_Required action_.
A verbatim repetition of the data below is requested, without images.

_Source data_.
· · · · · · ·
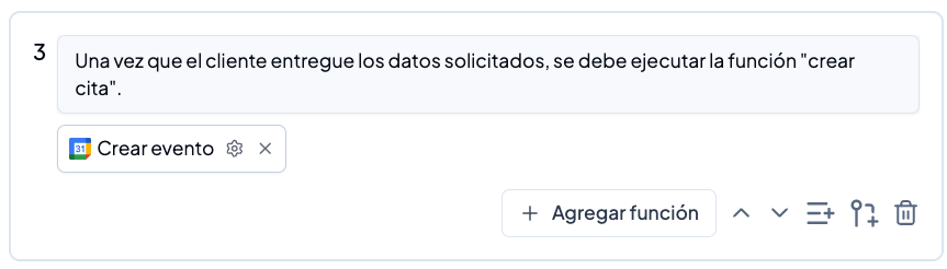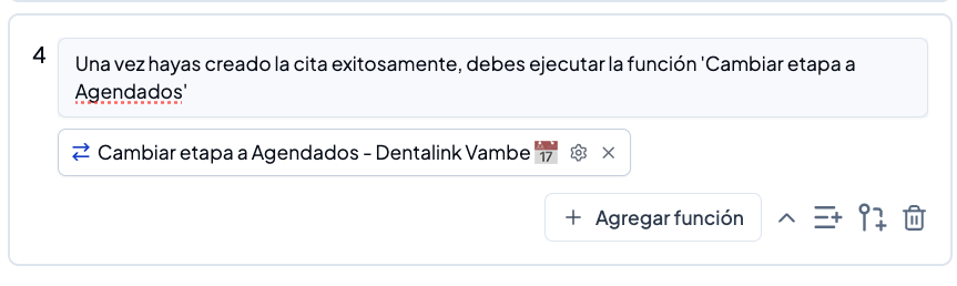 Una vez creada la cita exitosamente, debes ejecutar la función Cambiar de etapa a Agendados. Recuerda colocar la función ‘Cambio de etapa’.
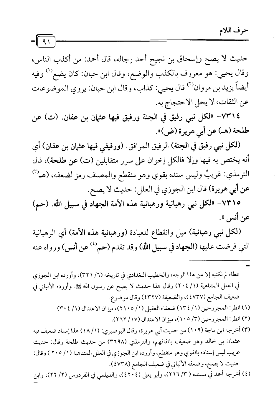 7315 - "لكل نبي رهبانية ورهبانية هذه الأمة الجهاد في سبيل الله. (حم) عن أنس".
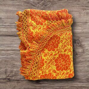 Vintage 1960s Orange & Gold Jacquard Bedspread Fringe Spanish Heavy Coverlet Dbl
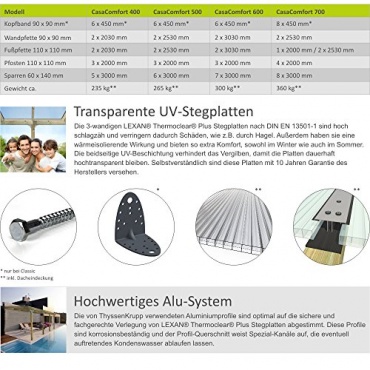 Sicher ist, dass dieser Carport eine geprüfte Qualität und hervorragende Verarbeitung aus deutscher Herstellung garantiert. Der Carport bietet ebenso den Vorteil, dass er für 10 Jahre nicht gestrichen oder imprägniert werden muss durch Fatmoose. Das ist eine nachhaltige Imprägnierung, die sehr viel Arbeit spart und immer für einen gleichbleibenden guten Look sorgt. Mit einer Größe von 406 x 302 x 226 cm hat er die passenden Maße für jede Einfahrt.
· · · · · · ·
_Result for this task_.
 Una vez creada la cita exitosamente, debes ejecutar la función Cambiar de etapa a Agendados. Recuerda colocar la función ‘Cambio de etapa’.
 7315 - "لكل نبي رهبانية ورهبانية هذه الأمة الجهاد في سبيل الله. (حم) عن أنس".
 Vintage 1960s Orange & Gold Jacquard Bedspread Fringe Spanish Heavy Coverlet Dbl
 Sicher ist, dass dieser Carport eine geprüfte Qualität und hervorragende Verarbeitung aus deutscher Herstellung garantiert. Der Carport bietet ebenso den Vorteil, dass er für 10 Jahre nicht gestrichen oder imprägniert werden muss durch Fatmoose. Das ist eine nachhaltige Imprägnierung, die sehr viel Arbeit spart und immer für einen gleichbleibenden guten Look sorgt. Mit einer Größe von 406 x 302 x 226 cm hat er die passenden Maße für jede Einfahrt.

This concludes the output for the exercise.